RUN dnf download --arch x86_64 clamav1.4-update
RUN rpm2cpio clamav1.4-freshclam*.rpm | cpio -vimd

RUN dnf download --arch x86_64 json-c
RUN rpm2cpio json-c*.rpm | cpio -vimd

RUN dnf download --arch x86_64 pcre2
RUN rpm2cpio pcre*.rpm | cpio -vimd

RUN dnf download --arch x86_64 libtool-ltdl
RUN rpm2cpio libtool-ltdl*.rpm | cpio -vimd

RUN dnf download --arch x86_64 libxml2
RUN rpm2cpio libxml2*.rpm | cpio -vimd

RUN dnf download --arch x86_64 bzip2-libs
RUN rpm2cpio bzip2-libs*.rpm | cpio -vimd

RUN dnf download --arch x86_64 xz-libs
RUN rpm2cpio xz-libs*.rpm | cpio -vimd

RUN dnf download --arch x86_64 gnutls
RUN rpm2cpio gnutls*.rpm | cpio -vimd

RUN dnf download --arch x86_64 nettle
RUN rpm2cpio nettle*.rpm | cpio -vimd

RUN dnf download --arch x86_64 openldap
RUN rpm2cpio openldap*.rpm | cpio -vimd

RUN dnf download --arch x86_64 pcre
RUN rpm2cpio pcre*.rpm | cpio -vimd

RUN dnf download --arch x86_64 nss
RUN rpm2cpio nss*.rpm | cpio -vimd

RUN dnf download --arch x86_64 libssh2
RUN rpm2cpio libssh2*.rpm | cpio -vimd

RUN mkdir -p bin
RUN mkdir -p lib
RUN mkdir -p var/lib/clamav
RUN chmod -R 777 var/lib/clamav

COPY ./freshclam.conf .

RUN cp usr/bin/clamscan usr/bin/freshclam bin/.
RUN cp -R usr/lib64/* lib/.
RUN cp freshclam.conf bin/freshclam.conf

# Copy some libraries separately
RUN cp /lib64/libcurl* lib/.
RUN cp /lib64/libcrypt* lib/.
RUN cp /lib64/libnss* lib/.
RUN cp /lib64/libunistring* lib/.
RUN cp /lib64/libgcrypt* lib/.
RUN cp /lib64/libssl* lib/.
RUN cp ./usr/lib64/libssh2* lib/.
RUN cp /lib64/libidn2* lib/.
RUN cp /lib64/libnghttp2* lib/.
RUN cp ./usr/lib64/libsmime3* lib/.

RUN yum install shadow-utils.x86_64 -y

RUN groupadd clamav
RUN useradd -g clamav -s /bin/false -c "Clam Antivirus" clamav
RUN useradd -g clamav -s /bin/false -c "Clam Antivirus" clamupdate

RUN LD_LIBRARY_PATH=./lib ./bin/freshclam --config-file=bin/freshclam.conf

RUN zip -r9 clamav_lambda_layer.zip bin
RUN zip -r9 clamav_lambda_layer.zip lib
RUN zip -r9 clamav_lambda_layer.zip var
RUN zip -r9 clamav_lambda_layer.zip etc
Enter fullscreen mode Exit fullscreen mode

The Dockerfile above creates a new container with ClamAV and all its required libraries in a ZIP archive within the container.

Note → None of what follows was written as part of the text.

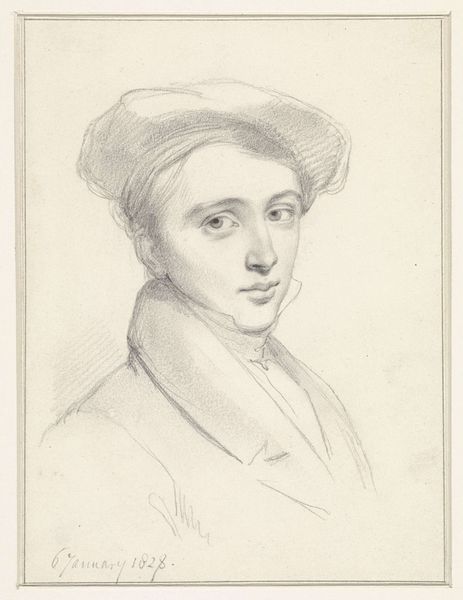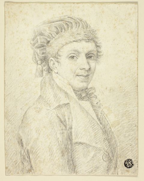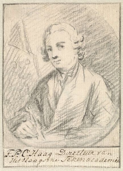 Editor: Here we have "Portrait of a Woman" by Pieter Tanjé, likely made sometime between 1716 and 1761. It's a pencil drawing and the delicate lines give it such a gentle, almost melancholic feel. What do you see in this piece, particularly in its historical context? Curator: What I immediately notice is the idealization typical of the Rococo period mingling with a nascent realism. It's a dance between what was expected of portraiture—a presentation of status and beauty—and a genuine attempt to capture the individual. Her gaze, for instance, is direct but also slightly detached. What stories do you think her eyes tell? Editor: That's interesting! I hadn’t considered the potential realism fighting against the idealization. I see a hint of weariness, maybe even a quiet defiance. Could her gaze be interpreted as a subtle form of agency in a society that largely confined women? Curator: Precisely! Think of the symbols and implied narratives in how women were presented during this era. The controlled curls, the soft, diffused lighting… these are elements meant to convey refinement and virtue. But within that framework, Tanjé seems to allow for a glimpse of something more complex, a consciousness that transcends mere decoration. Does the use of pencil as opposed to paint impact your perception of the work? Editor: I think the pencil emphasizes the immediacy and intimacy, as though the artist is giving us a direct, unfiltered view. It’s like a fleeting moment captured on paper. I learned so much about how portraits encode so much information about a person. Curator: And how a culture chooses to remember them. These images are vessels of memory, continually reshaped by the present.

This means we need to extract it. For this, we have a bash script called build.sh that builds the container, runs it, copy the layer.zip and extract into a directory called layer.

#!/bin/bash

# © 2025 cloudxs GmbH. All rights reserved. / build.sh 

set -e

rm -rf ./layer
mkdir layer

docker build -t clamav -f Dockerfile --progress=plain .
docker run --name clamav clamav
docker cp clamav:/home/build/clamav_lambda_layer.zip .
docker rm clamav
mv clamav_lambda_layer.zip ./layer

pushd layer
unzip -n clamav_lambda_layer.zip
rm clamav_lambda_layer.zip
popd
Enter fullscreen mode Exit fullscreen mode

Now, all the files we need to run ClamAV in a Lambda function are in the directory called layer.

Create the Lambda Layer

Of course, deploying Lambda Functions and Lambda Layers depend a lot on the IAC tool you use. We use SST, which is Pulumi under the hood.

To create a Lambda Layer with SST or Pulumi, all you need to do is package the layer directory from the previous step. Our deployment looks similar to this.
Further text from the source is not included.